Csv logststash


#1

I was trying to import csv file to ES through logstash. But when I looked through the data in kibana, I just found that the first line of csv file(attributes of data) is accidentally recognized as data instance instead of columns.

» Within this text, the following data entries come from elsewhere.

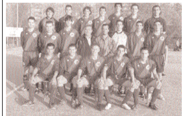
Éxitos de las categorías inferiores del CD Arrabal. Los equipos Infantil y juvenil del CD Arrabal se han proclamado campeones de liga y han ascendido a la Primera División de sus respectivas categorías.
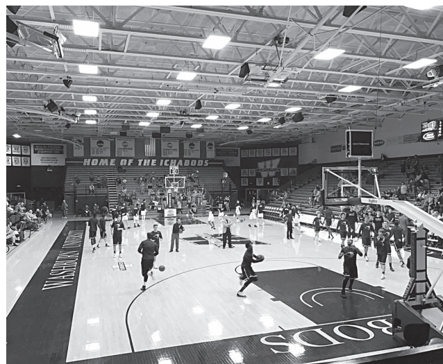
ウォッシュバン大学（アメリカ、カンザス州トピカ市）
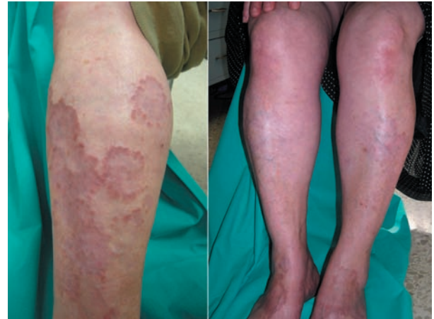
Figura 2. Foco de necrobiosis del colágeno rodeado por histiocitos en “empalizada”.

El GA generalizado, reviste especial interés, tanto por su presentación inusual[1], sus posibles asociaciones patológicas y por las dificultades terapéuticas que plantea, pero sobretudo
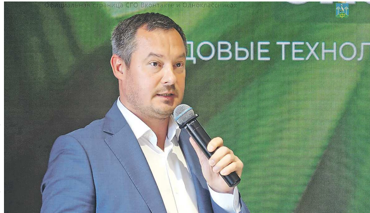
ОФИЦИАЛЬНАЯ СТРАНИЦА СЫСЕРТСКОГО ГО «В КОНТАКТЕ»

– Мы изучили информацию о Сысерти и ее главе, и она нас впечатлила. Небольшой промышленный городок, а поток туристов туда растет. Развивается креативный кластер. Взять хотя бы проект «Лето на заводе». Видна качественная работа над брендом территории. Мы считаем, что надо поощрять не только города-миллионники, и у Сысерти есть все шансы. К примеру, несколько лет назад мэром года
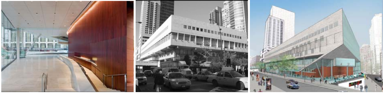
Diller, Scofidio + Renfros ombyggnad av Julliard School, New York upplöser den gamla byggnadens slutenhet och låter verksamheten samspela med gatan och omgivningen.
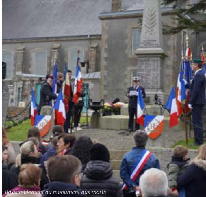
Rassemblement au monument aux morts

Au monument aux morts, Monsieur le Maire a partagé le message de Patricia Miralles, secrétaire d'État aux anciens combattants. Les noms des 73 Renanais tombés entre 1914 et 1919 ont été énoncés et la cérémonie s'est conclue par le ravivage de la flamme et le chant "Sauver le Monde" interprété par le Conseil Municipal des Jeunes.
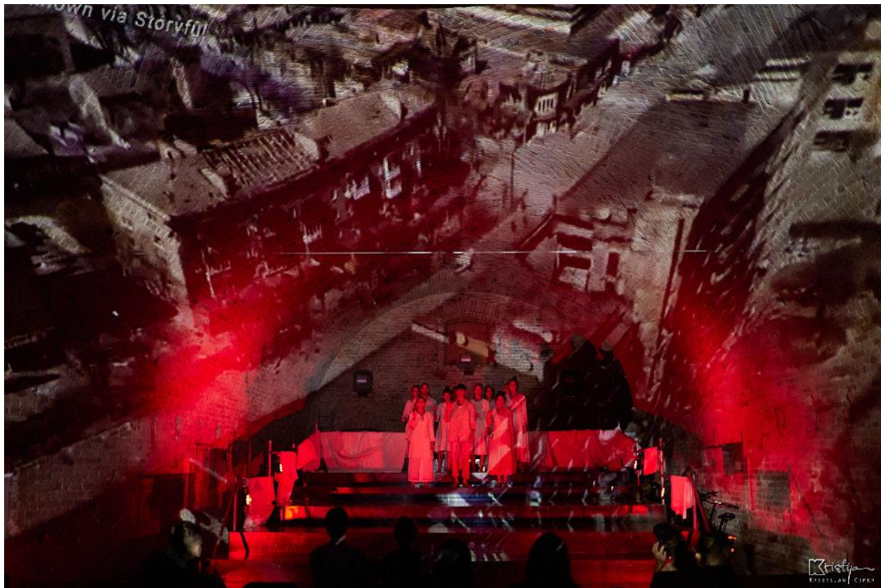
Slika 8: Treća scena - Projekcije razrušenih gradova

“Projekcije zadovoljavaju sve moguće dramaturgijske funkcije: efekt ugođaja, verbalno očuđenje, slike ili ilustracije, sučeljavanje živog i imaginarnog...” 7
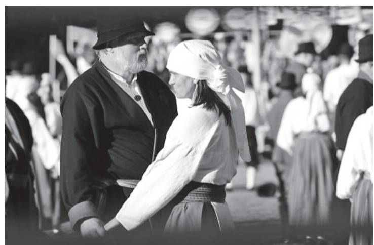
Ja olligi aig tantsuge pääle akate.
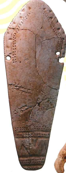
イルカの骨で作った腰飾り 千葉県有吉町遺跡 縄文時代 千葉県教育委員会
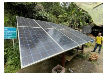
ภาพที่ 6 แผงโซลาเซลล์ผลิตน้ำ
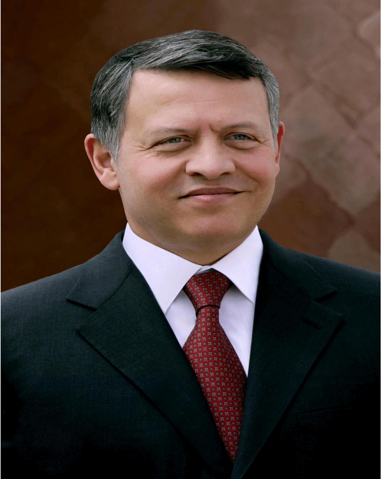
صاحب الجلالة الهاشمية الملك عبدالله الثاني بن الحسين المعظم
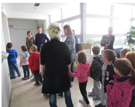
Dan odprtih vrat Eti Elektroelement d.d.
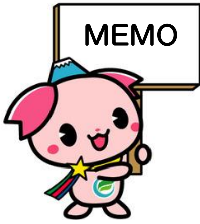
ふじみ野市 PR 大使『ふじみん』
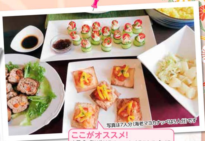
写真は7人分(海老マヨカナッペは5人分)です
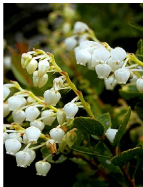
56 Gaultheria reticulata

This is the screenshot of kibana.

These are my csv file and config file.

ID,TweetDate,Tweet Time,Brand  Name,Original Tweet URL,Tweet Text only,Tweet Image,Tweet URL,Tweet Image + URL,Tweet Video,Tweet Video + URL,1.Brand Awareness,1.Type,2.CSR,2.Type,3.Customer Service,3.Type,4.Engagement,4.Type,5.Product Awareness,5.Type,6.Promotional,6.Type,7.Seasonal,7.Type,Appeal-Transformational,Appeal-Informational,# Likes,# Mentions,# Retweets,TweetDateTime
1,2018/2/15,6:49am,WebMD,https://twitter.com/WebMD/status/964152218059464705,0,0,0,1,0,0,0,0,1,1,1,4,1,4,0,0,0,0,0,0,0,1,17,0,19,2018-2-15 6:49
2,2018/2/15,2:00am,WebMD,https://twitter.com/WebMD/status/964076827852582912,0,0,0,1,0,0,0,0,1,1,1,4,1,1,0,0,0,0,1,3,0,1,77,3,48,2018-2-15 2:00
3,2018/2/14,9:00am,WebMD,https://twitter.com/WebMD/status/963820299010629635,0,0,0,0,1,0,0,0,0,0,0,0,1,1,0,0,0,0,1,2,1,0,43,0,16,2018-2-14 9:00
4,2018/2/15,1:29pm,WebMD,https://twitter.com/WebMD/status/964250343294095360,0,0,0,1,0,0,0,0,1,1,1,4,0,0,0,0,0,0,1,3,0,1,4,4,25,2018-2-15 13:29


input {
	file {
		path => "/Users/apple/Desktop/ITM444/logstash_TW/webmd_twitter.csv"
		start_position => "beginning"
		sincedb_path => "/dev/null"
	}
}
filter {
	csv {
		separator => ","
		columns => ["ID", "TweetDate", "Tweet Time", "Brand  Name", "Original Tweet URL", "Tweet Text only", "Tweet Image", "Tweet URL", "Tweet Image + URL", "Tweet Video", "Tweet Video + URL", "1.Brand Awareness", "1.Type", "2.CSR", "2.Type", "3.Customer Service", "3.Type", "4.Engagement", "4.Type", "5.Product Awareness", "5.Type", "6.Promotional", "6.Type", "7.Seasonal", "7.Type", "Appeal-Transformational", "Appeal-Informational", "# Likes", "# Mentions", "# Retweets", "TweetDateTime"]
	}
	mutate {convert => ["# Likes", "integer"]}
	mutate {convert => ["# Mentions", "integer"]}
	mutate {convert => ["# Retweets", "integer"]}
	
	date{
		match => ["TweetDateTime", "yyyy-MM-dd HH:mm"]
	}

}
output {
	elasticsearch {
		hosts => "localhost:9200"
		index => "webmd"
		document_type => "twitter"
	}
	stdout { codec => rubydebug }
}

(Mark Walkom) #2

I think you are missing the question here, what would you like assistance with :slight_smile:


#3

As you can see, my csv file actually has 4 data items and one line for the column.

But when I import the file, it is recognized as 5 data items (including the header line).

Is there any way to avoid this?


(Mark Walkom) #4

Ok, then https://www.elastic.co/guide/en/logstash/current/plugins-filters-csv.html#plugins-filters-csv-autodetect_column_names should do what you want.


(system) #5

This topic was automatically closed 28 days after the last reply. New replies are no longer allowed.